Model comparison
GLM-4.7-Flash vs GPT-4.1 mini
GLM-4.7-Flash is the stronger model overall, scoring 38.8 to 33.6 on the Noometry Index.
Last verified . 20 shared benchmarks.
Summary
- They share 20 benchmarks with published results for both.
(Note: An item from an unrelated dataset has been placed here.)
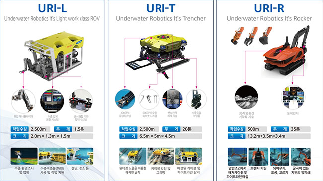 이미 2019년 12월 통영 욕지도 상수관로 공사를 시작으로 태평양 심해저 해양생물 채취(URI-L. 그림 5, 베트남 가스관로 공사(URI-T, 그림 6), 거제도 상수관로 공사(URI-R, 그림 7) 등 다양한 현장에 투입하여 실적을 확보하고 있는 중이다.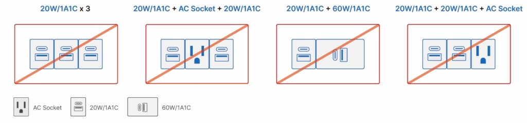 60W USB-A+C PD充電插座搭配不同面板

GLM-4.7-Flash scores higher in 6 categories and GPT-4.1 mini in 2 categories; 6 gaps are clear of the uncertainty.
- The widest gap is in math, where GLM-4.7-Flash leads 36.1 to 24.1.
- The biggest single-benchmark swing is OTIS Mock AIME 2024-2025: 58.3% for GLM-4.7-Flash and 44.7% for GPT-4.1 mini.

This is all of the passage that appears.